Berry é excepcional porque, 20 anos atrás, em 24 de março de 2002, tornou-se a primeira negra a vencer o Oscar de melhor atriz, pelo papel em A Última Ceia (Monster's Ball, 2001). No filme dirigido por Marc Forster, era a viúva de um bandido que acaba se envolvendo com o carcereiro racista (Billy Bob Thornton) do marido.

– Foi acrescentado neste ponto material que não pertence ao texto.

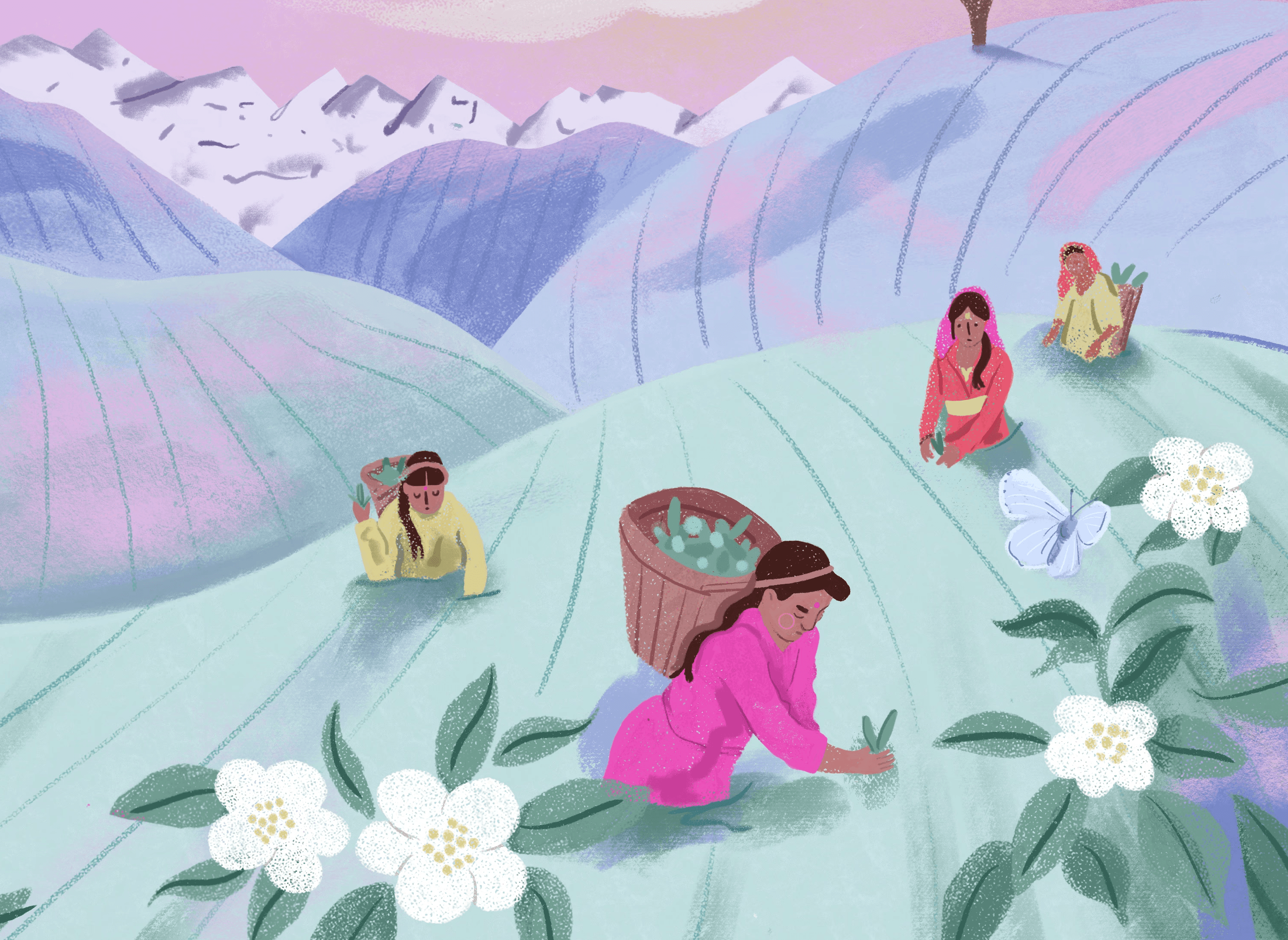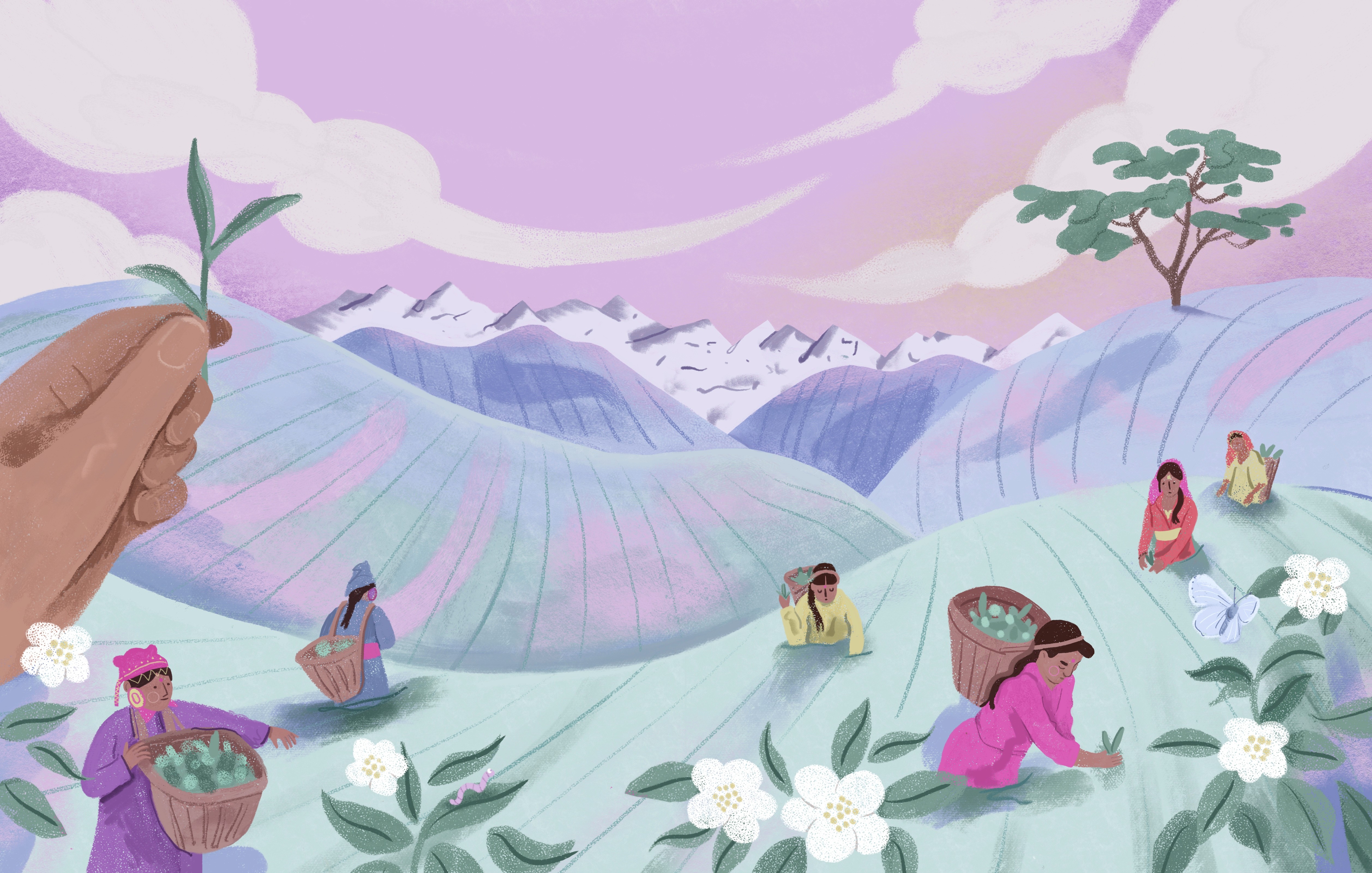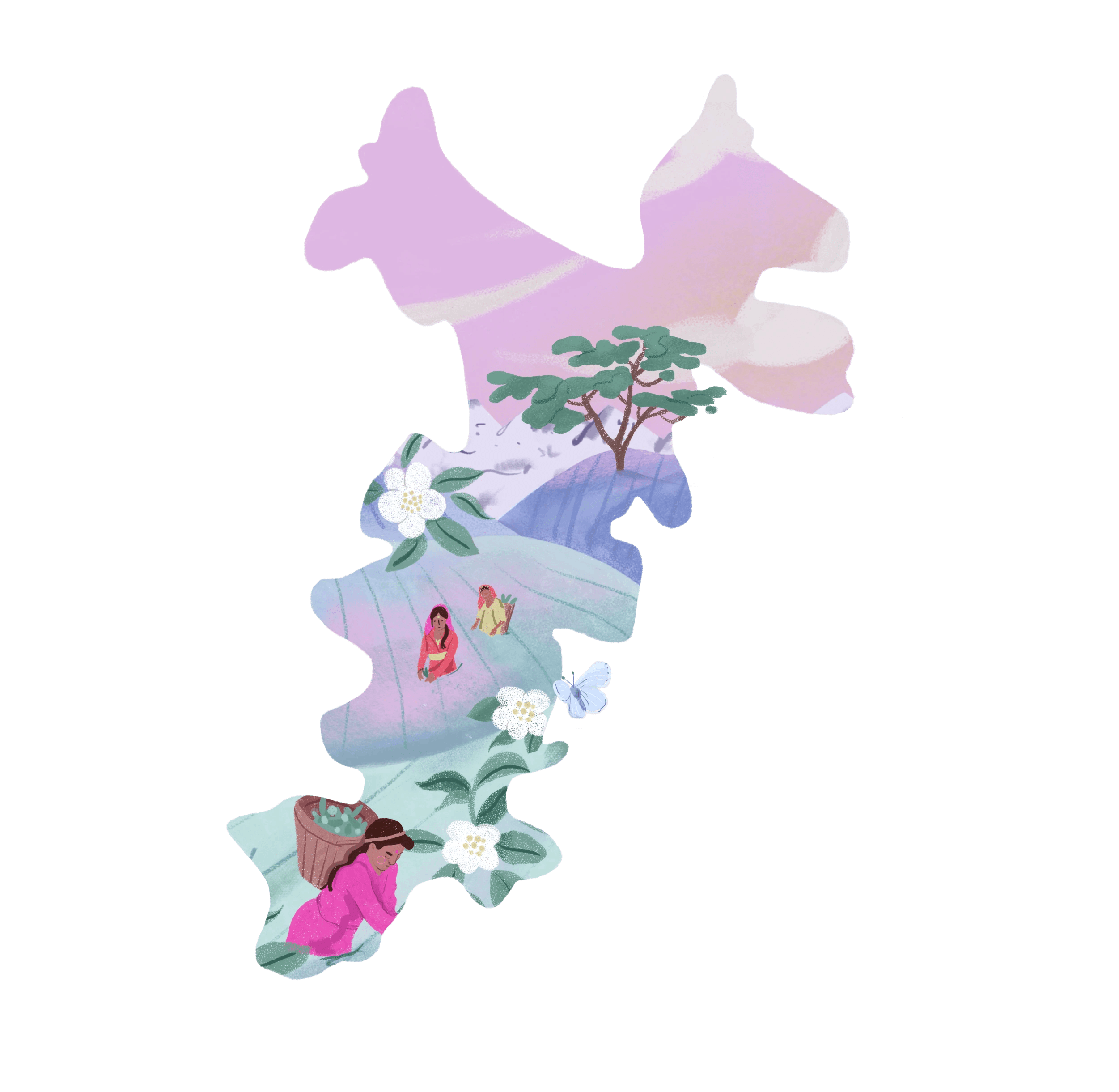 An illustration that makes the origin of Darjeeling tea feel tangible, atmospheric and alive.

Para a comunidade afro-americana, aquela foi uma noite histórica da Academia de Artes e Ciências Cinematográficas de Hollywood: em cerimônia comandada por Whoopi Goldberg, Sidney Poitier (1927-2022) recebeu um Oscar honorário; Denzel Washington, de Um Dia de Treinamento, foi o segundo negro eleito o melhor ator, quase 40 anos após Poitier ganhar por Uma Voz nas Sombras (1963); e Berry conquistou o que outras seis artistas haviam tentado.

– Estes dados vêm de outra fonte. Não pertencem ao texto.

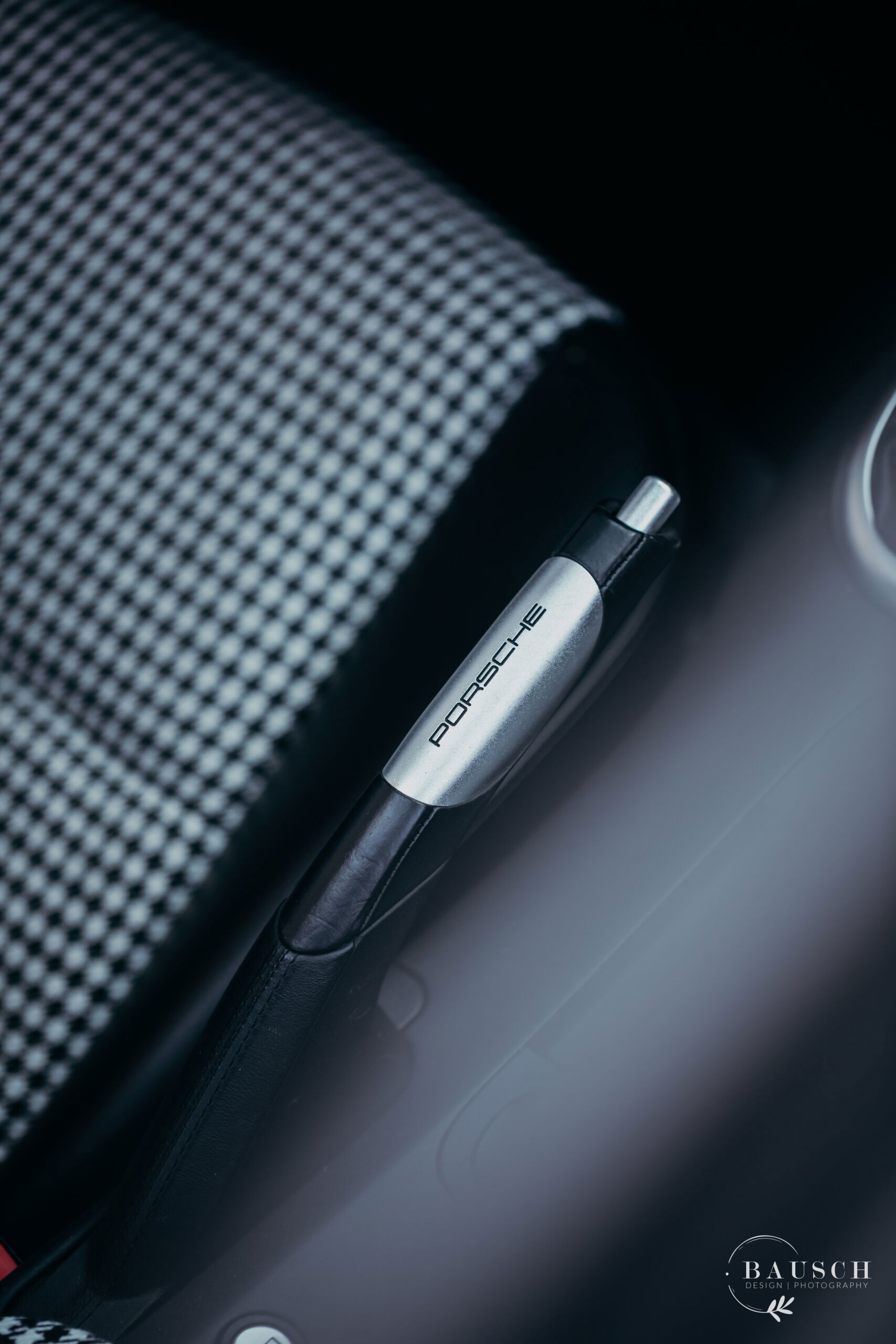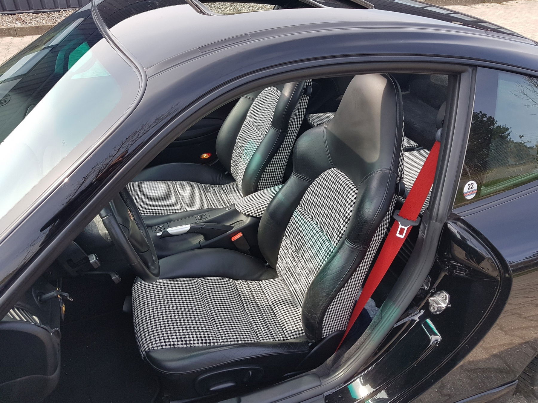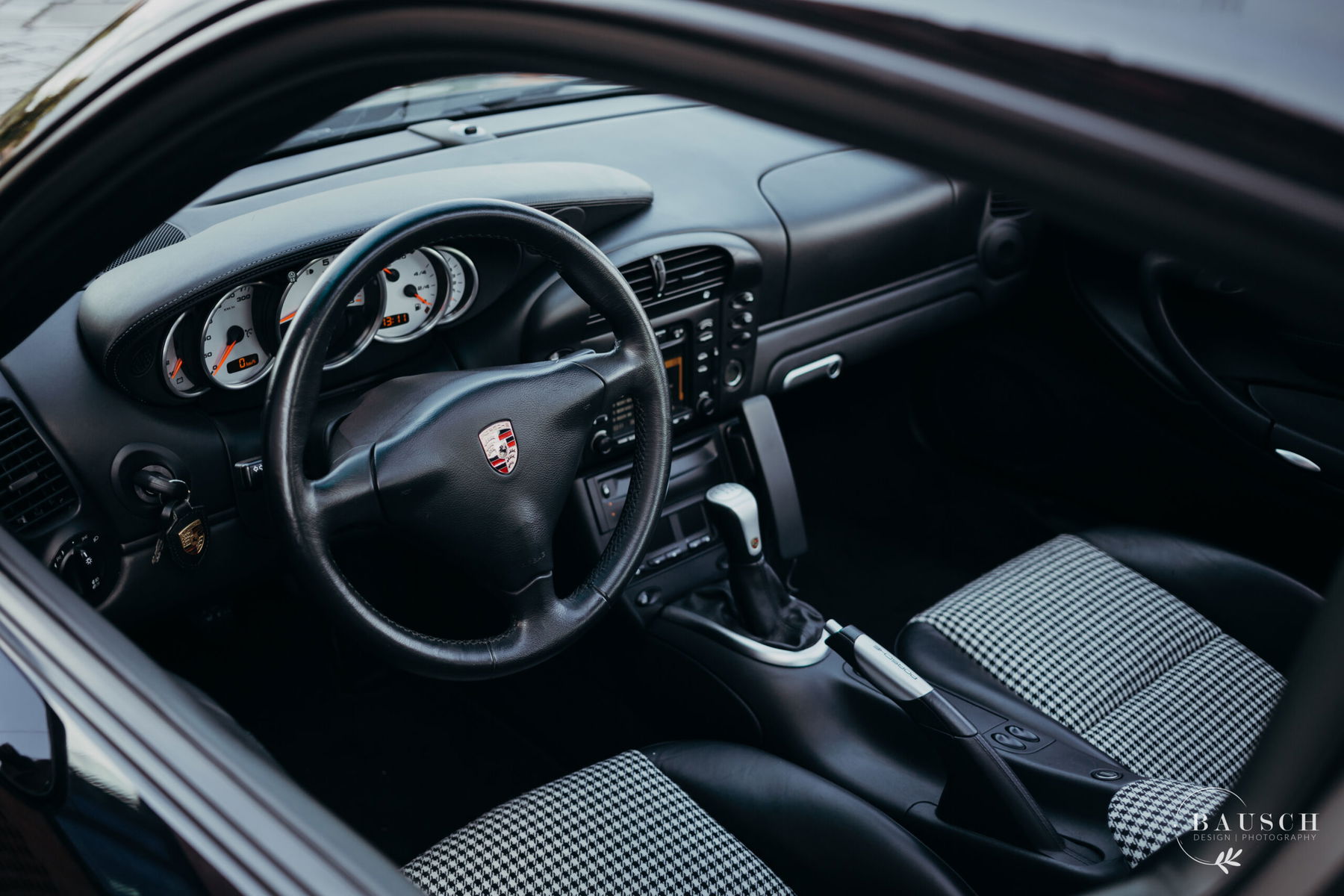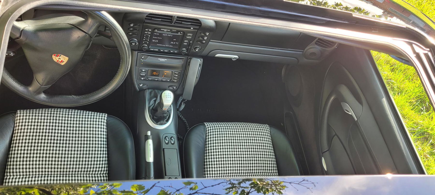 In reminiscence of the old 911s, 4 brand new 18-inch Fuchs rims with colored hub caps were added in 2021, as well as 4 new Michelin tires. I also had the seat center panels and backs of the sports seats covered with typical 911 "houndstooth pepita fabric", a rare feature for this model generation, and incredibly stylish, in my opinion. The Guards Red seat belts are a nice color contrast to the car's original aluminum stainless steel package, and the Porsche umbrella in the passenger side storage compartment is a very rare extra. In the interior, too, there is no longer any sign of the former frugality of the first 996 generation.

A pioneira foi Dorothy Dandridge, a quem a própria Halle Berry interpretou em um filme (Dorothy Dandridge: O Brilho de uma Estrela, de 1999) que lhe valeu o Emmy e o Globo de Ouro. Dandridge concorreu pelo musical Carmen Jones (1954), versão ambientada na Segunda Guerra Mundial da clássica história sobre uma cigana espanhola. Empregada de uma fábrica de paraquedas, Carmen é desejada por todos, mas deseja apenas um: o soldado Joe (o ator e cantor Harry Belafonte). A atriz viu o Oscar ir para Grace Kelly (Amar É Sofrer). Loiras como a futura princesa de Mônaco, Marilyn Monroe e Veronica Lake ditavam o padrão de beleza da época.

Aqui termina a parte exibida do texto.